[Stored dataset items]
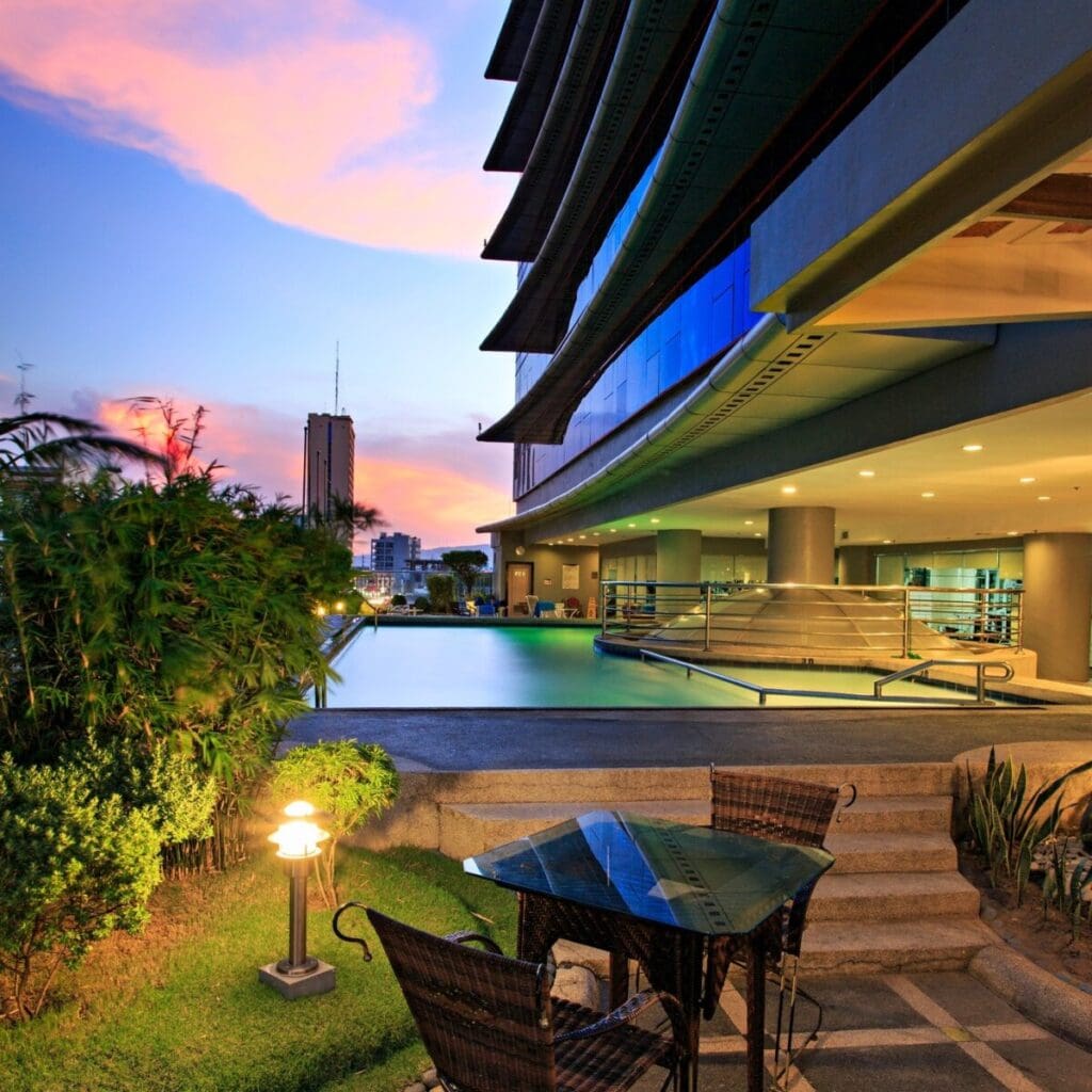 Quest Hotel offers a modern and approachable setting on Archbishop Reyes Avenue with polished service. Couples can enjoy the Valentine’s buffet at Pusô Bistro for ₱1,450 net per person or the poolside “Two Hearts, One Table” five-course dinner for ₱3,500 per couple. The hotel blends elegant interiors with relaxed comfort for a memorable romantic night.
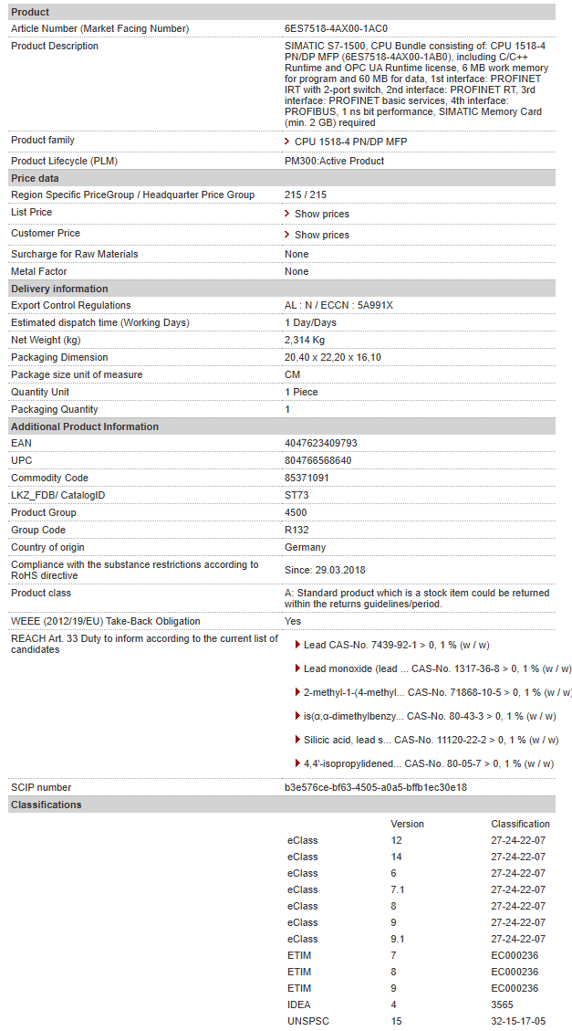 SIMATIC S7-1500, CPU Bundle consisting of: CPU 1518-4 PN/DP MFP (6ES7518-4AX00-1AB0), including C/C++ Runtime and OPC UA Runtime license, 6 MB work memory for program and 60 MB for data, 1st interf……
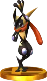 Greninja appears as three trophies, with its Final Smash trophy being exclusive to the Wii U version of the game.
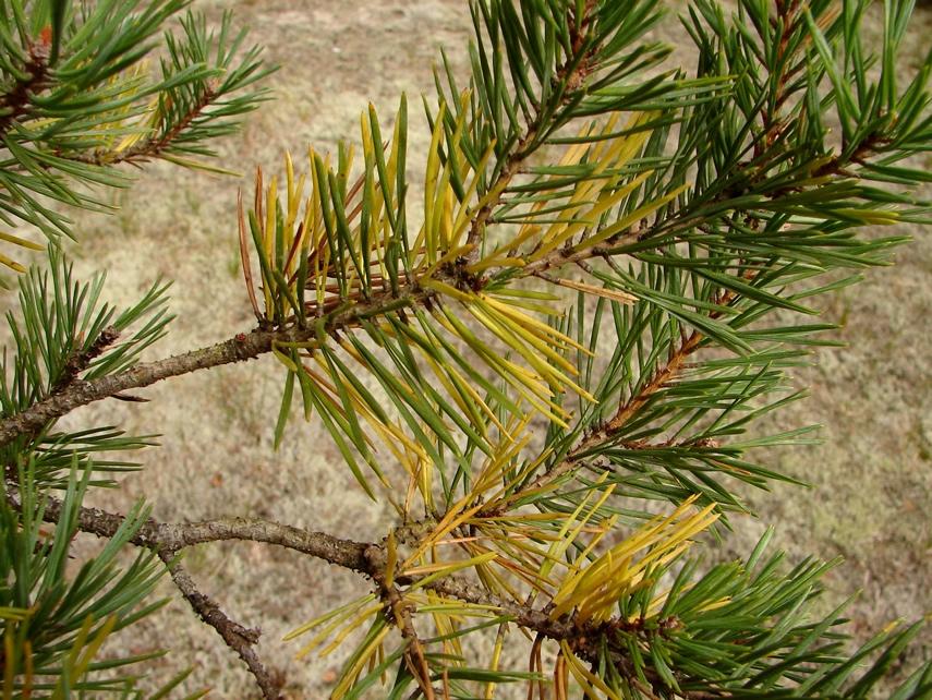 К пятихвойным относится одна из самых красивых сосен — веймутова сосна. Хвоя на ее тонких, длинных, слегка поникающих веточках отмирает быстро, сохраняясь обычно лишь на 10-15-сантиметровых кончиках. В условиях средней полосы России мягкая нежная хвоя веймутовой сосны доставляет дереву немало неприятностей. Из растущих в наших садах и парках хвойных именно это дерево больше всего нравится воронам. Его хвоя служит им зимой источником витаминов. В результате весной после стаивания снега земля под веймутовыми соснами бывает покрыта толстым слоем оборванных воронами веток. Причем вороны обдирают эти хвойные не только в городе, но и в лесу.
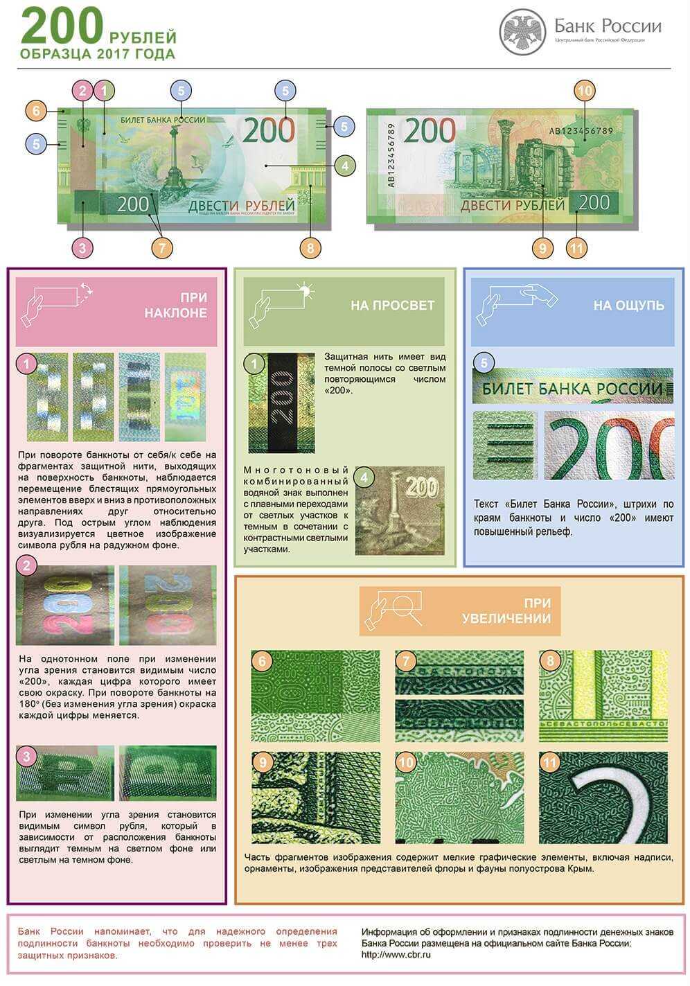 Банкноты номиналом 2 тысячи и двести рублей образца 2017 года имеют свои отличительные характеристики:
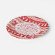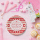 Festivo costume Ugly Sweater, pratos de papel do Feriado de Natal com tela folk-art, padrão nórdico em vermelho e branco. Layout de tipografia de safra com espirais de rico, flocos de neve, árvore, veado e galhadas. Acessórios de festas perfeitos para eventos de tema de blusa de Natal feios ou casuais em reuniões domiciliares. Personalize-o com seu nome ou saudação personalizada. Vestir sua mesa de férias com esses suprimentos de festas divertidas e criar um cenário de mesa feliz e hilário para você e seus convidados aproveitarem. Maneira brilhante e alegre, clássica, moderna e bonita de definir o espírito da temporada para todos os seus amigos e família com charme rústico, mas tradicional.

» **What you have to do**
What's needed is an exact retyping of the records, pictures excluded.

» **Output for this task**
 Quest Hotel offers a modern and approachable setting on Archbishop Reyes Avenue with polished service. Couples can enjoy the Valentine’s buffet at Pusô Bistro for ₱1,450 net per person or the poolside “Two Hearts, One Table” five-course dinner for ₱3,500 per couple. The hotel blends elegant interiors with relaxed comfort for a memorable romantic night.
 SIMATIC S7-1500, CPU Bundle consisting of: CPU 1518-4 PN/DP MFP (6ES7518-4AX00-1AB0), including C/C++ Runtime and OPC UA Runtime license, 6 MB work memory for program and 60 MB for data, 1st interf……
 Greninja appears as three trophies, with its Final Smash trophy being exclusive to the Wii U version of the game.
 К пятихвойным относится одна из самых красивых сосен — веймутова сосна. Хвоя на ее тонких, длинных, слегка поникающих веточках отмирает быстро, сохраняясь обычно лишь на 10-15-сантиметровых кончиках. В условиях средней полосы России мягкая нежная хвоя веймутовой сосны доставляет дереву немало неприятностей. Из растущих в наших садах и парках хвойных именно это дерево больше всего нравится воронам. Его хвоя служит им зимой источником витаминов. В результате весной после стаивания снега земля под веймутовыми соснами бывает покрыта толстым слоем оборванных воронами веток. Причем вороны обдирают эти хвойные не только в городе, но и в лесу.
 Банкноты номиналом 2 тысячи и двести рублей образца 2017 года имеют свои отличительные характеристики:
 Festivo costume Ugly Sweater, pratos de papel do Feriado de Natal com tela folk-art, padrão nórdico em vermelho e branco. Layout de tipografia de safra com espirais de rico, flocos de neve, árvore, veado e galhadas. Acessórios de festas perfeitos para eventos de tema de blusa de Natal feios ou casuais em reuniões domiciliares. Personalize-o com seu nome ou saudação personalizada. Vestir sua mesa de férias com esses suprimentos de festas divertidas e criar um cenário de mesa feliz e hilário para você e seus convidados aproveitarem. Maneira brilhante e alegre, clássica, moderna e bonita de definir o espírito da temporada para todos os seus amigos e família com charme rústico, mas tradicional.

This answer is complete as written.